Method, device and storage medium for switching system of vehicle-mounted equipment of urban railway

Technical Field

The present disclosure relates to the field of rail traffic control systems, and in particular, to a method and an apparatus for switching system of a vehicle-mounted device in a urban railway system, and a storage medium.

Background

In recent years, with rapid expansion of metropolitan and its vicinity, urban (suburban) railroads have been widely used as a rail transit system connecting urban centers and surrounding areas. The main characteristics of such systems are their relatively small coverage, typically 50-100 km, and high traffic density, typically less than 3 minutes apart. In order to meet the increasing commute demands between cities and suburban areas, urban railway systems must have fast and high frequency operating characteristics, and therefore their design speeds are typically between 100 and 200 km/h.

Under such a background, in order to realize smooth switching between different rail traffic systems, a switching method and a switching system of suburban railway vehicle-mounted equipment are proposed in the prior art. The system mainly relies on a central control unit called a 'switching module' to coordinate vehicle-mounted devices of two different systems. The control of one system can be transferred to the control of the other system through the switching module, so that the continuous running of the train on suburban roads is realized.

Although the prior art provides a solution for system switching, there are some key issues that need to be addressed. First, the design of the switching module makes the security of the whole system highly dependent on the stability and accuracy of the software and hardware. In addition, there is a lack of effective two-way communication and security check mechanisms between two different systems of vehicle-mounted devices. When the switching module sends a switching instruction, the two devices cannot mutually confirm and verify the switching result. Not only does this design increase the complexity of the system, but it may introduce additional security risks. Therefore, there is a need for a system switching method for suburban railway vehicle-mounted equipment that is more robust, safe and capable of effectively solving the above-mentioned problems.

Disclosure of Invention

In view of this, the embodiment of the application provides a method, a device and a storage medium for switching the mode of vehicle-mounted equipment of a city railway, so as to solve the problems of lack of effective bidirectional communication and safety verification mechanism between vehicle-mounted equipment in the prior art, increased complexity of a system, more complicated existing solutions, multiple fault links, high research and development cost and poor stability.

In a first aspect of the embodiments of the present application, a method for switching a system of a vehicle-mounted device of a urban railway is provided, including: the method comprises the steps that a first-system vehicle-mounted host and a second-system vehicle-mounted host are used for respectively sending output instructions of switching control to a switching unit, so that the switching unit responds to the output instructions to determine the vehicle-mounted host in a main control state at present; transmitting an output instruction of the vehicle-mounted host computer in the current master control state to the vehicle, and transmitting stoping information of a vehicle control mode of the vehicle-mounted host computer in the current master control state to the vehicle-mounted host computer in the first mode and the vehicle-mounted host computer in the second mode; and controlling the vehicle to run on the rail of the urban railway by using the output instruction of the vehicle-mounted host computer in the current master control state.

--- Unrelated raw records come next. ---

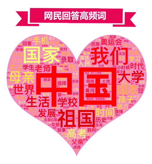 在所有问答的高频词中,有三个词排名最靠前——“我们”“祖国”和“中国”。网友的回答从家长里短到各行各业,但有一种朴素的情感,一直未变。每个人身后都是一个日益强大的中国,每个中国人都是国家发展的见证者和推动者。
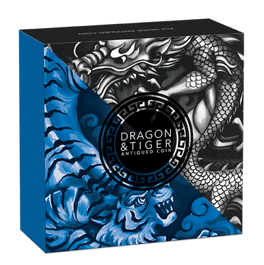 2021 Dragon and Tiger with Bagua 2oz Silver Antiqued coin
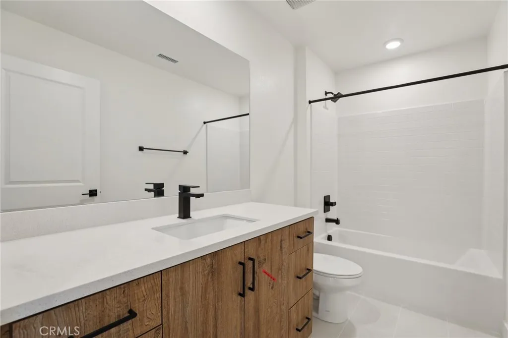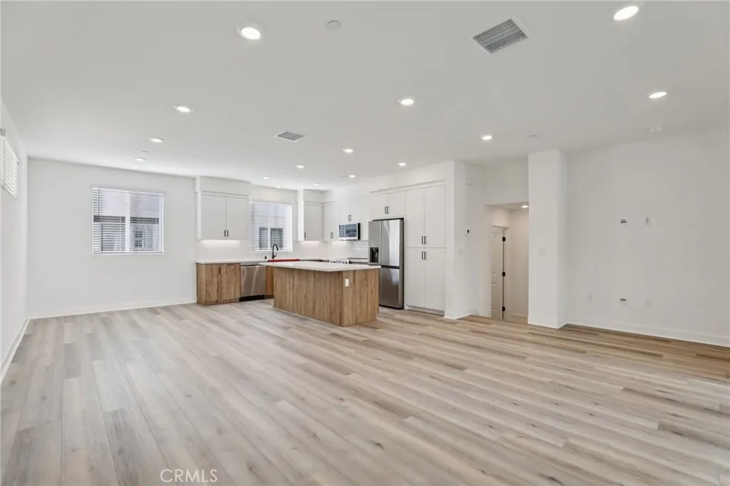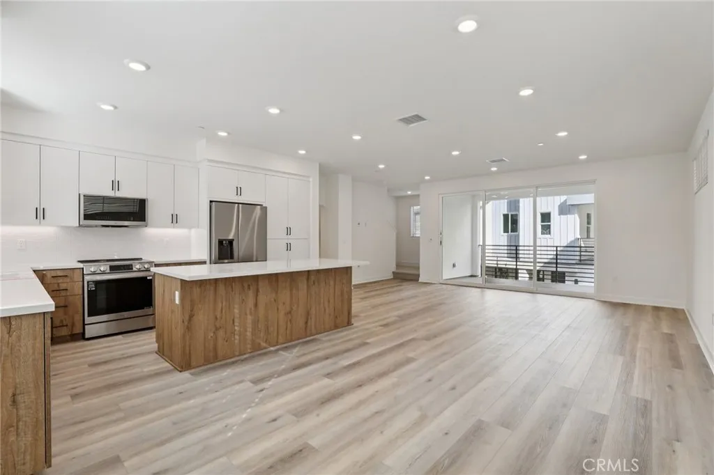 Thoughtfully upgraded and move-in ready, this all-electric 3-story home at The Heights at Ponte Vista features approximately 1,875 sq. ft. of designer-curated living space. The kitchen is a true showstopper, featuring quartz countertops in Crisp Stria, a full tile backsplash in White with Arctic White grout, and Metro Slab cabinet doors in a sophisticated split finish — Tuscany Cypress lowers paired with Satin White uppers at the island and primary suite. Stainless steel appliances include a slide-in induction range, an over-the-range microwave hood, and a refrigerator. Upgraded LVP flooring runs through the main living level and staircase, designer tile anchors all bathrooms and the laundry room, and plush upgraded carpet finishes the bedrooms. The living room opens through a 3-panel multi-slide door to a private deck — perfect for California indoor-outdoor living. Matte black hardware, plumbing, and shower enclosures highlight the upgrades, and Bath 3 features a tiled shower. A laundry closet with included stacked washer and dryer is conveniently located on the third floor. The home features whole-house faux wood blinds in white. Bedroom 4 is pre-wired for a future kitchenette — ideal for multigenerational living or a private guest suite. The common area is a true resort-style amenity with an association Pool, Spa, Fitness Center, Fire Pit, Recreational Trails, and Open Space. Photos and virtual tour are of the Plan 2 model home and used for representational purposes only.

In a second aspect of the embodiments of the present application, there is provided a system switching device for an on-board device of a urban railway, including: the transmission module is configured to respectively transmit output instructions of switching control to the switching unit by utilizing the vehicle-mounted host computer of the first system and the vehicle-mounted host computer of the second system, so that the switching unit responds to the output instructions to determine the vehicle-mounted host computer in the current master control state; the transmission module is configured to transmit an output instruction of the vehicle-mounted host computer in the current master control state to the vehicle and transmit stoping information of a vehicle control mode of the vehicle-mounted host computer in the current master control state to the vehicle-mounted host computer in the first mode and the vehicle-mounted host computer in the second mode; and the control module is configured to control the vehicle to run on the rail of the urban railway by utilizing the output instruction of the vehicle-mounted host computer in the current master control state.

In a third aspect of the embodiments of the present application, there is provided an electronic device comprising a memory, a processor and a computer program stored on the memory and executable on the processor, the processor implementing the steps of the above method when executing the computer program.

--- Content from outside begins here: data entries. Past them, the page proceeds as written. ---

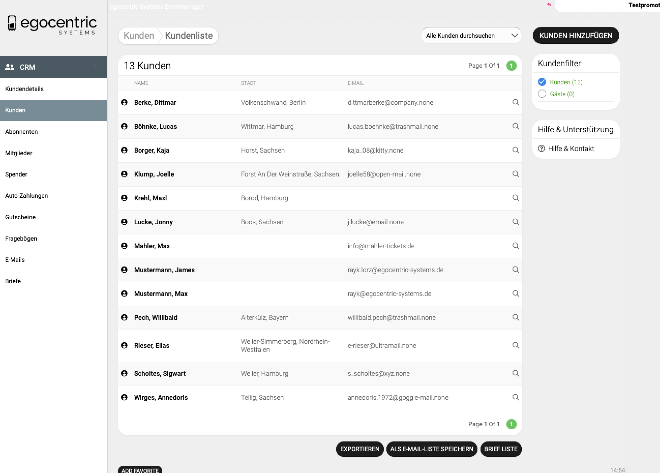 Die importierten Kundendaten kannst Du nun über die Kundensuche aufrufen, bearbeiten oder für E-Mail-Listen verwenden.
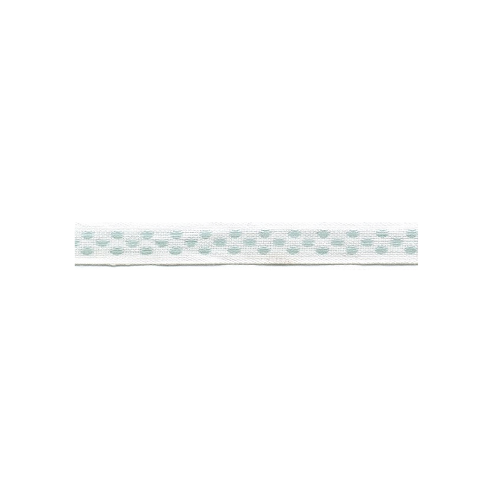Band 12 mm vit ljusblå prickar 25m/rulle
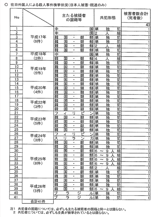 日本の在日朝鮮・韓国人の殺人事件件数はダントツです(画像)。
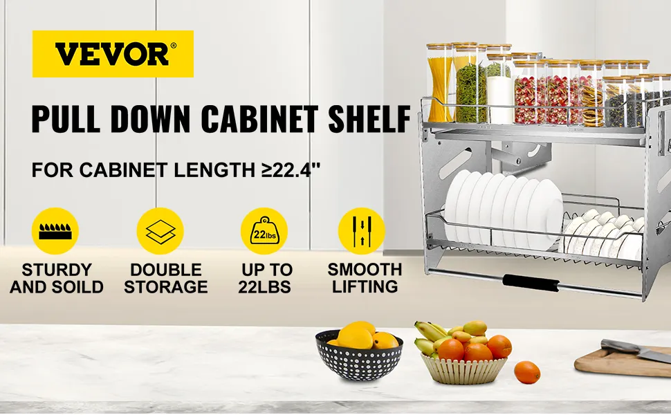 Our pull down kitchen shelves features 304 stainless steel and carbon steel, heavy-duty and rust-proof. The thick wire structure provides durability and elegance, and the maximum load capacity is up to 22 lbs / 10 kg.

In a fourth aspect of the embodiments of the present application, there is provided a computer readable storage medium storing a computer program which, when executed by a processor, implements the steps of the above method.

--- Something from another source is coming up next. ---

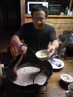 - 昼にはさらにゲットした鉄釜でご飯&鉄鍋クラムチャウダー。
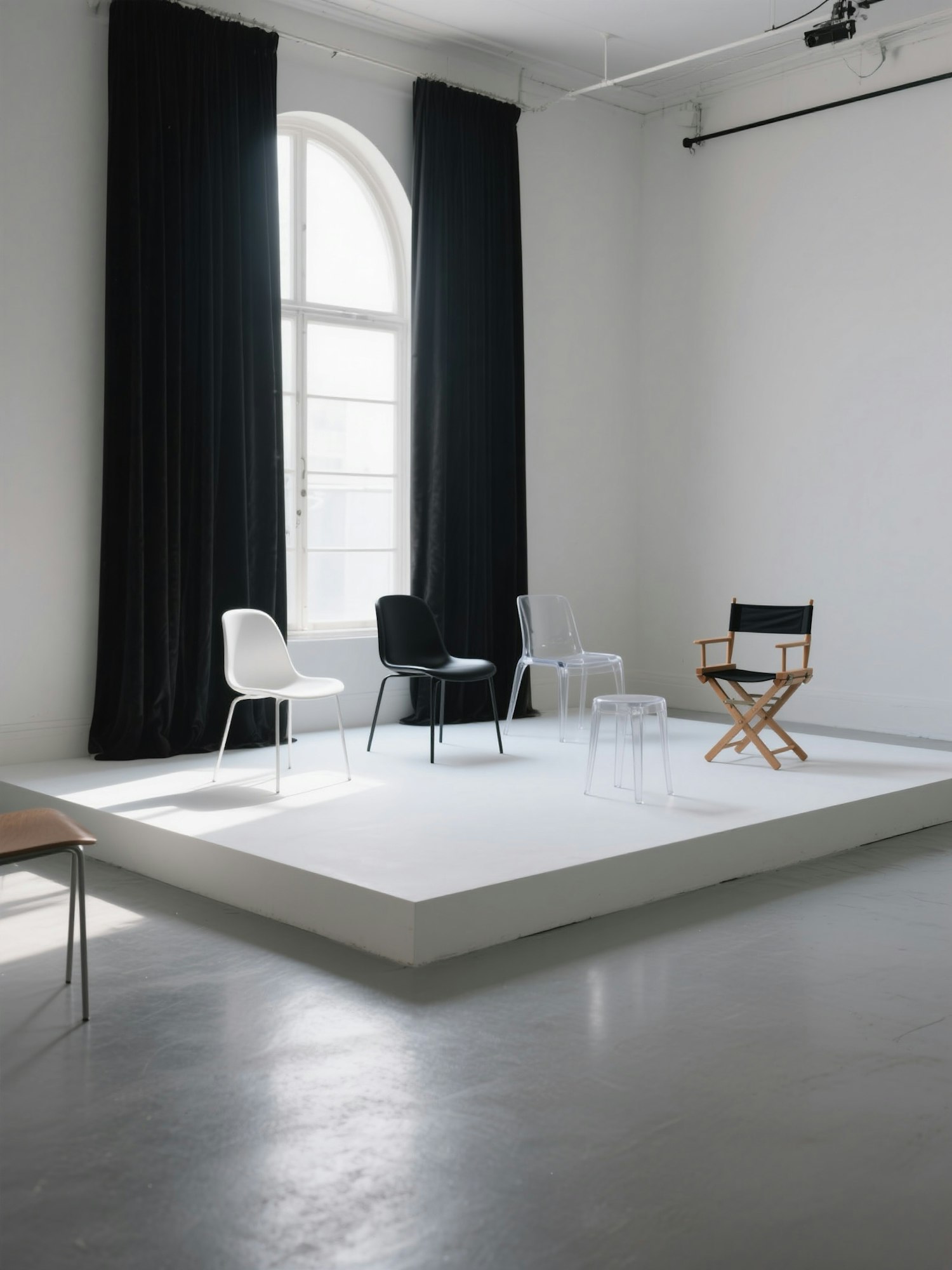 A minimal photography studio space, white platform with an assortment of modern chairs (black, white, transparent, stool, director’s chair), soft daylight streaming through a large arched window with black curtains, grey polished floor, editorial interior style

The above-mentioned at least one technical scheme that this application embodiment adopted can reach following beneficial effect:

the method comprises the steps that an output instruction of switching control is sent to a switching unit by utilizing a vehicle-mounted host computer of a first system and a vehicle-mounted host computer of a second system respectively, so that the switching unit responds to the output instruction to determine the vehicle-mounted host computer in a main control state at present; transmitting an output instruction of the vehicle-mounted host computer in the current master control state to the vehicle, and transmitting stoping information of a vehicle control mode of the vehicle-mounted host computer in the current master control state to the vehicle-mounted host computer in the first mode and the vehicle-mounted host computer in the second mode; and controlling the vehicle to run on the rail of the urban railway by using the output instruction of the vehicle-mounted host computer in the current master control state. The method and the device realize correct, safe and reliable switching between the two vehicle-mounted hosts in different systems, are simple in switching process, are easy to operate, reduce fault links, ensure system safety and improve reliability and stability of the system.

Drawings

In order to more clearly illustrate the technical solutions of the embodiments of the present application, the following description will briefly introduce the drawings that are needed in the embodiments or the description of the prior art, it is obvious that the drawings in the following description are only some embodiments of the present application, and that other drawings may be obtained according to these drawings without inventive effort for a person skilled in the art.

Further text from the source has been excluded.